Thank you to everyone who gave me a reassuring hug after that last post. I got through the week and was reminded on more than a few occasions that living in the moment is truly helpful. I could have easily spiralled into imagining the worst about the future, because believe me, I’m a whiz at that. Instead I firmly planted myself in the present: I walked the streets, worked a bit from home, went to a few meetings, hosted multiple sleepovers for 10-year-old and under girls (it was March Break after all) and drank a fair amount of coffee.

Now I’m into a new week.

Today was PNC Drop-In day. For the last several weeks our Monday drop-in has been particularly calm, dare I say, peaceful- this, despite our growing numbers. I often wonder if everyone else in the room is feeling the same thing I am. Today I heard from more than a handful of people that they can  sense the calm too.

One man sat with me and began to weep as he talked about the community, until he noticed his boys coming in and told me “I don’t want them to see me cry right now”.

Another said, “everyone talks about this place- they all say they come here to get their calm on”.

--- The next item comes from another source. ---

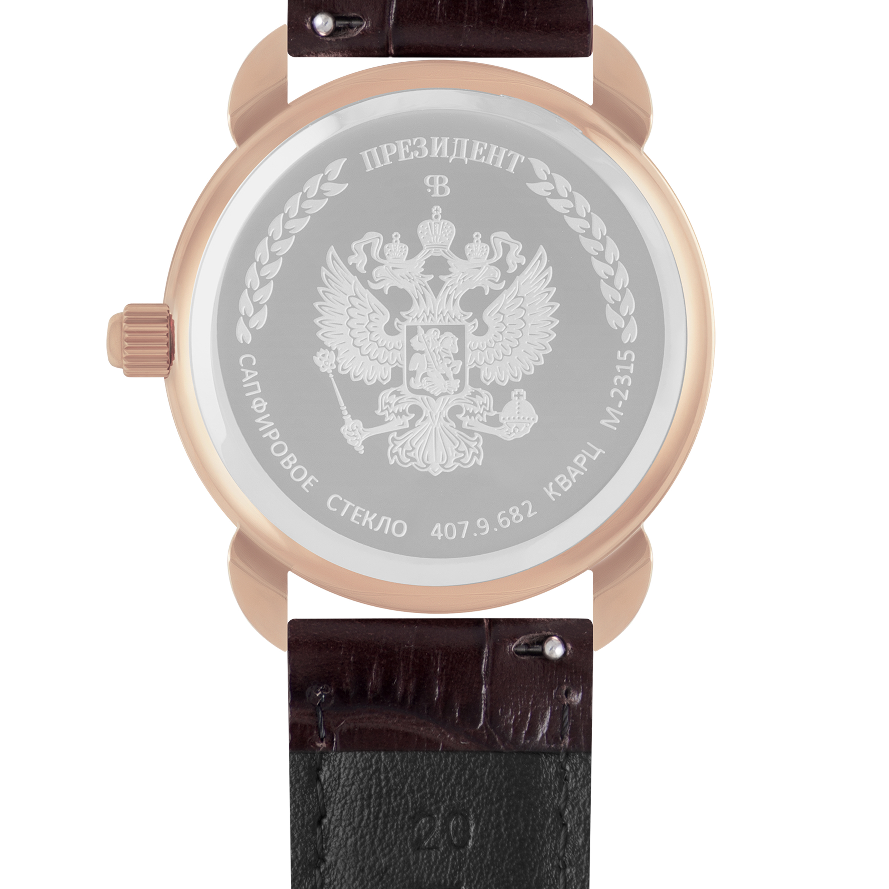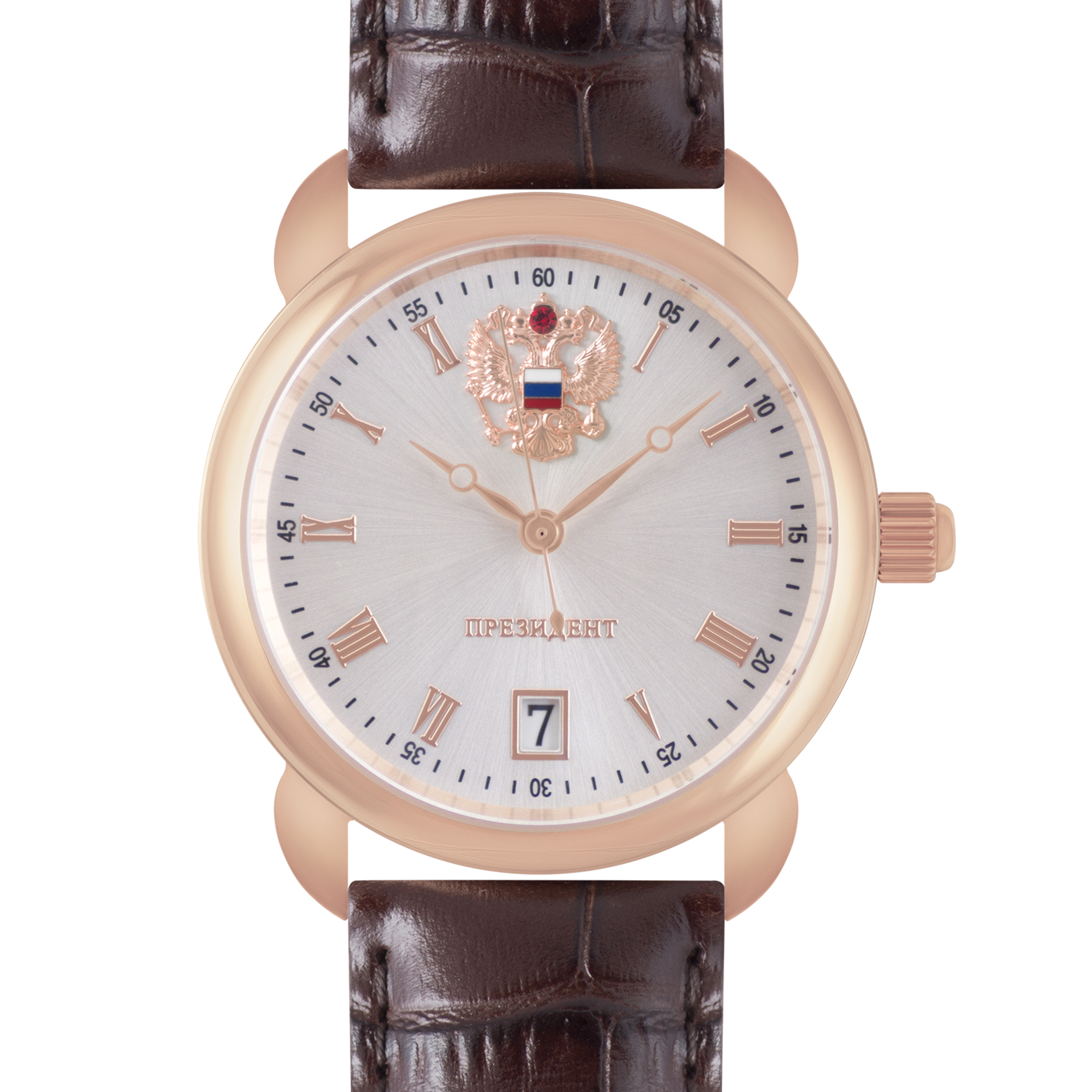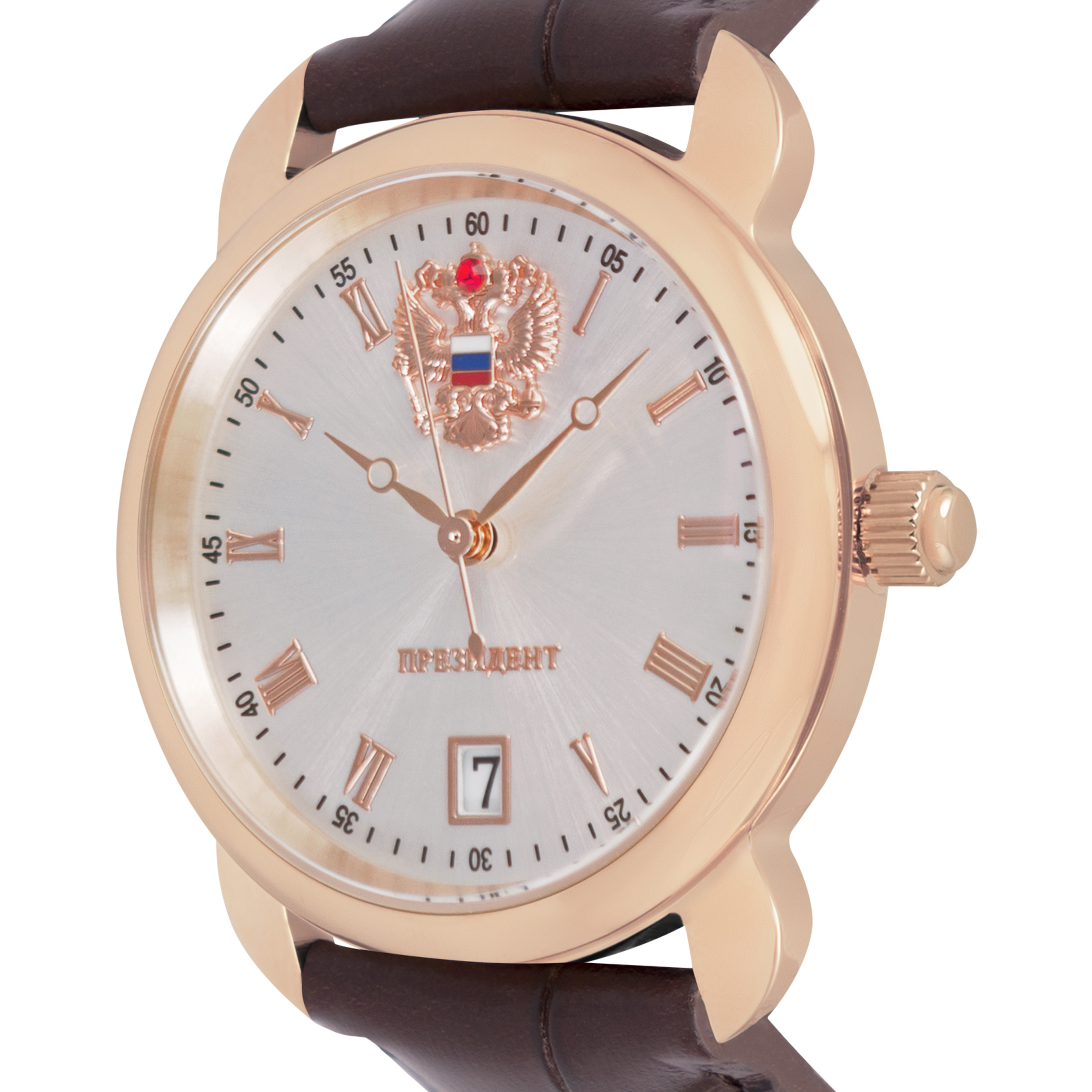 Наручные кварцевые часы Президент золотистые, с коричневым ремешком

Grumpy, as he’s known on the street, sat down and announced that “everyone here has gifts to give. Some of them just don’t know it. The peace of the Lord is in this place”. Grumpy gave me permission to say this. He also wants you to all know that he lives up to his name.

Yet another said, “I always leave here feeling better than when I arrived”.

So interesting that in a place where no one can help but wear their brokenness close to the surface what emerges is a deep sense of belonging. Culturally we want to fit it because of our strengths, not our weaknesses; we often hide behind masks. PNC extends an invitation to come as you are, to expose all those things that you struggle with and to discover that you are accepted precisely because you ARE human, a human in desperate need of love and grace.

I am that kind of human. I struggle with so many things including, as I confessed above, a strong inclination to worry. I need the PNC community just as much as the next person. I need the kind of peace that Grumpy was talking about: the peace of the Lord.

I have no idea what the future holds. I do know that right now, in this moment today, I am given what I need by God to be calm. And much of that comes via what my co-worker aptly described as our “amazing family here”.